Ele também destacou que seu país tem impedimentos legais para ajudar as ONGs nessas condições. "Apenas queremos saber que elas [as ONGs] estão tão comprometidas quanto nós em combater a Aids e também em combater a prostituição e o tráfico sexual, que têm feito parte da expansão da Aids", disse Boucher anteontem em encontro com jornalistas em Washington para falar de temas internacionais.

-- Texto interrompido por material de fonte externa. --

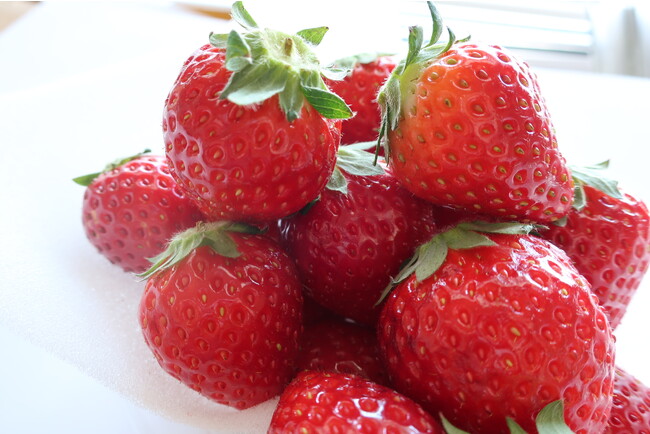 そんな中、30年ほど前にお客様から「いちごを作ってほしい」というご要望があり、新たな産品としていちごづくりに挑戦。初めてのいちご栽培は失敗もありましたが、農家として長年培ってきた経験を活かし、いちごづくりに最適な土づくりや光合成の活性化の研究を続け、ついに絶妙な甘さ、コクと香り、旨みをもつ特別ないちごが実現しました。また、農薬を極力使用しない栽培方法をとっており、小さなお子様にも安心して楽しんでいただけるのもこだわりです。

A declaração, divulgada ontem pela embaixada dos EUA no Brasil, gerou uma forte reação do governo brasileiro. Para Pedro Chequer, coordenador nacional de DSTs e Aids do Ministério da Saúde, Boucher retomou um argumento ultrapassado, de que a Aids é um problema de grupos de risco -entendimento que existia no início da epidemia, há mais de 20 anos, e que foi superado pelas evidências científicas de que comportamentos de risco, como sexo sem camisinha, é que são responsáveis pela expansão da doença. A Aids cresce entre mulheres casadas por seus maridos não usarem camisinha em outras relações.

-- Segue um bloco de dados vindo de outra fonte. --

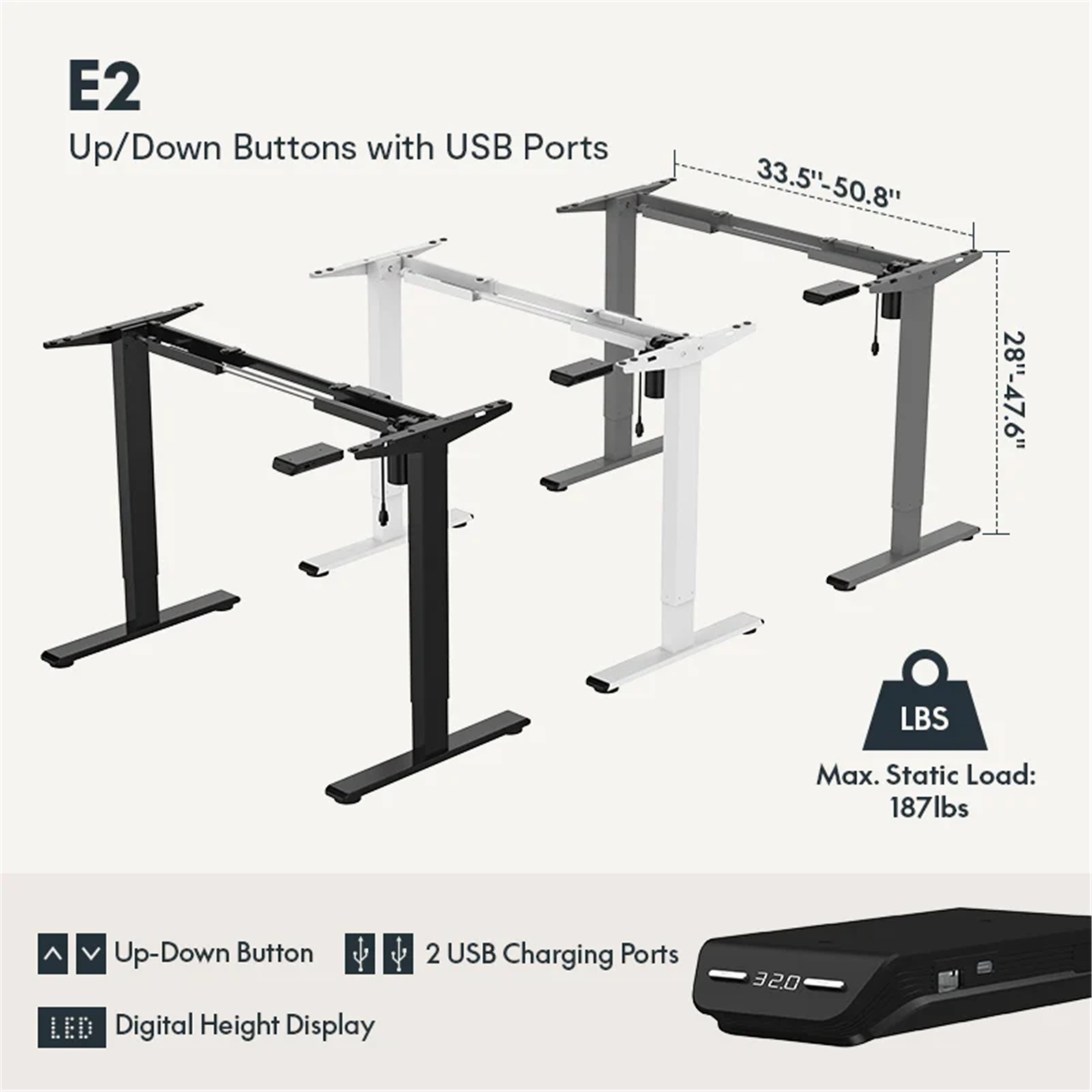 FlexiSpot E2 Essential Standing Desk - 1600x800x25mm - White Desktop/Black Frame - Single Motor - Height Adjustable Range 710-1210mm - Weight Capacity 70kg, Speed 25mm/s - UP/Down Controler With USB Port

"Você pode ter uma prostituta com risco quase zero e pode ter pessoas lá da igreja do Bush com risco altíssimo. Depende da prática. A questão é outra, lógico que é a questão do uso do preservativo", reagiu Chequer.

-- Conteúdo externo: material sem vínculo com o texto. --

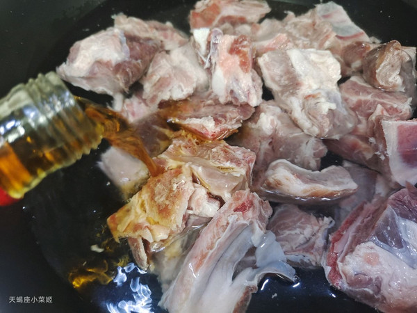 将排骨红糖一同倒入高压锅中(汤汁不要过多,和平时蒸米饭的水差不多就可以)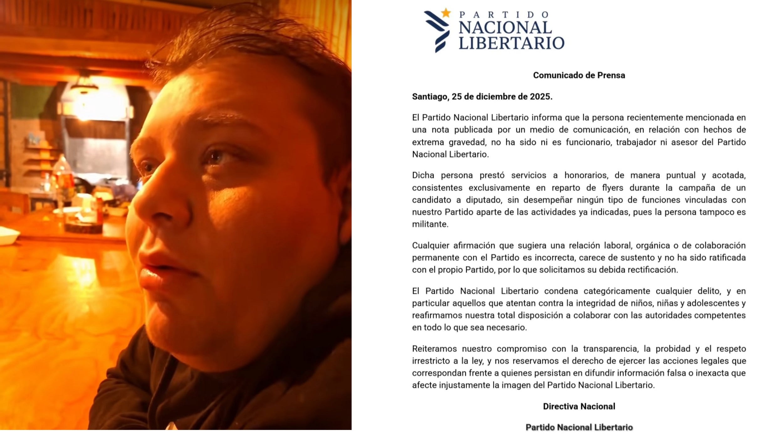 El partido agregó que cualquier afirmación que sugiera una relación orgánica o laboral permanente “es incorrecta, carece de sustento y no ha sido ratificada” por la colectividad, solicitando su rectificación. Asimismo, condenó categóricamente los delitos imputados, en especial aquellos que afectan a niños, niñas y adolescentes, y manifestó su disposición a colaborar con las autoridades competentes, reservándose además acciones legales ante la difusión de información falsa.

O governo brasileiro acusou os EUA de tentarem interferir na política nacional de Aids, ao vetar o financiamento a ONGs que defendam os trabalhadores sexuais e, com o aval de movimentos sociais, anunciou na semana passada o rompimento de acordo que previa um repasse de US$ 22,5 milhões (cerca de R$ 56,2 milhões) até 2008 para as ONGs.
As declarações de Pedro Chequer têm repercutido na imprensa norte-americana, que afirma que o Brasil é o primeiro a enfrentar a política do governo George W. Bush para as questões sexuais, a chamada política "ABC", que prega a abstinência em primeiro lugar, fidelidade (o B é da expressão em inglês "be faithful) e camisinha só em último caso. A embaixada dos EUA informou que a decisão do Brasil ainda é discutida pelo governo norte-americano.

Impedimento legal
O porta-voz do Departamento de Estado destacou que, pelos termos da lei de 2003 de Liderança Contra a Aids, a Tuberculose e a Malária dos EUA, o país tem a obrigação legal de assegurar que nenhum financiamento seja fornecido a organizações que não possuam uma política explícita de oposição à prostituição e ao tráfico sexual. O Brasil é contra o tráfico de seres humanos para o sexo.
Boucher disse por fim que os EUA não interferiram na maneira como as ONGs brasileiras poderiam combater a prostituição. "Não ditamos a maneira como elas terão que implementar esse compromisso ou essa política. Não especificamos como elas terão que expressá-la em ação."